If quantum hardware is ubiquitous by 2050:

```
Today (2026):
  Security = computational hardness (factoring, lattices)
  Assumption: adversary has limited compute

2050:
  Security = physical law (quantum mechanics)
  Assumption: adversary cannot violate physics
```

**Quantum Key Distribution (QKD)**: Information-theoretically secure key
exchange. No computational assumption.
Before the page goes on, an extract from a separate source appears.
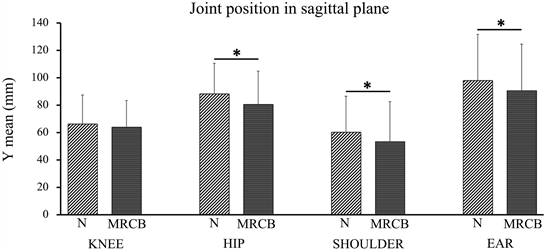 Figure 2. Position of the joints of the knee, hip, shoulder and head with respect to the ankle in the sagittal plane with the wearing of the neutral sole (N) and the orthopaedic sole (MRCB) (*: p < 0.01).

Security proven by quantum mechanics.
Already deployed in limited settings (China's 4,600km QKD network, 2022).

**Quantum money**: Unforgeable currency based on no-cloning theorem.
Theoretical since 1983 (Wiesner), practical implementation by 2050.
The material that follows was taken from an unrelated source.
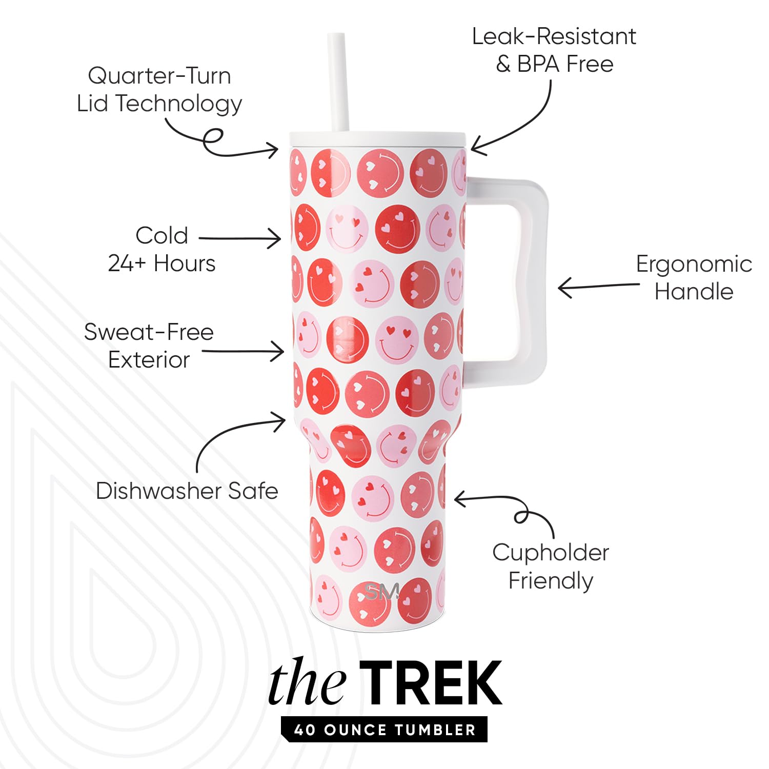 The Simple Modern Trek Tumbler is double walled and vacuum insulated to keep your drink hot or cold for hours. The cup is outfitted with an ergonomic handle, that is aesthetically designed for comfort. It comes with a straw lid and two straws so you can enjoy your favorite beverage on the go. The straw lid is four-way threaded to allow four different straw placements for your drinking hand preference. The Trek is made from 18/8 stainless steel and fits standard cupholders, and with a variety of color options, you can get an Emotional Support Water Bottle for whatever outfit or activity the day entails -- Take Us With You.

**Quantum signatures**: Signatures where forgery is physically impossible,
not just computationally hard.

### 4.3 Shor's Algorithm Becomes a Teaching Example

By 2050, Shor's algorithm is:
- Taught in undergraduate CS courses (like RSA is today)
- Historically interesting but not "cutting edge"
- Superseded by more efficient quantum factoring algorithms
- A component in larger quantum algorithm suites

The research frontier will have moved to:
- Quantum algorithms for NP-hard optimization
- Quantum machine learning with provable advantages
- Quantum simulation of physical systems (chemistry, materials)
- Quantum error correction beyond surface codes (topological, LDPC)
- Fault-tolerant quantum computing at scale

## 5. Decade 4-5: 2056-2076 — Shor's Algorithm at 80 Years Old

### 5.1 The Most Likely Scenario

```
2076 view of Shor's algorithm:

"Shor's 1994 factoring algorithm was the first polynomial-time quantum
algorithm for a problem believed to be classically hard. It triggered
the post-quantum cryptography migration of the 2020s-2030s and remains
a foundational result in quantum complexity theory. Modern quantum
computers can factor million-digit numbers in seconds using descendants
of Shor's approach, but this capability has been irrelevant to
cryptography since the completion of the PQC migration in ~2040.

Shor's lasting impact was not the algorithm itself but the
demonstration that quantum computers could solve problems outside BQP
as classically understood, which opened the field of quantum
cryptanalysis and ultimately led to the physics-based security
paradigm that replaced computational hardness assumptions."

— Hypothetical textbook, 2076
```

### 5.2 The Wildcard Scenarios

#### Wildcard 1: Lattice Problems Fall to Quantum Algorithms

If someone discovers a quantum polynomial-time algorithm for SVP/LWE
(the basis of current post-quantum crypto), then:

```
2040s: Second "crypto emergency" — migrate from lattice-based to ???
2050s: Only hash-based and code-based crypto survive
2060s: Possibly only information-theoretic security (QKD, one-time pads)
```

**Probability**: Low (~10-20%), but non-zero. Lattice problems have a
different structure from factoring, and quantum algorithms for them
are an active research area.

#### Wildcard 2: Quantum Computing Hits a Wall

If quantum hardware cannot scale beyond ~10,000 logical qubits due to
fundamental engineering constraints:

```
2040: RSA-2048 falls (barely — requires most of the world's quantum compute)
2050: RSA-4096 still standing
2060: Hybrid crypto (classical + quantum) becomes the norm
2076: Shor's algorithm works but is resource-constrained, not universal
```

**Probability**: Moderate (~20-30%). There may be engineering limits
we haven't encountered yet.

#### Wildcard 3: Post-Quantum Crypto Has Classical Breaks

If ML-KEM or ML-DSA falls to a *classical* algorithm (like SIDH fell
to Castryck-Decru in 2022):

```
2030s: Emergency re-migration to backup PQC schemes
2040s: Diversified crypto stack (multiple independent assumptions)
2076: Security based on algorithm diversity, not single hard problem
```

**Probability**: Moderate for specific schemes (~30%), low for all
lattice-based schemes simultaneously (~5%).

#### Wildcard 4: Breakthrough in Quantum Error Correction

If a radically more efficient QEC scheme is discovered (e.g., requiring
only 10:1 physical-to-logical ratio instead of 1000:1):

```
2030: 100,000 physical qubits → 10,000 logical qubits (vs. 100 today)
2032: RSA-2048 falls a decade early
2035: All classical public-key crypto broken
2040: Quantum supremacy in optimization, simulation, ML — not just crypto
```

**Probability**: Low-moderate (~15-25%). Surface codes are known to be
suboptimal; LDPC and topological codes are improving rapidly.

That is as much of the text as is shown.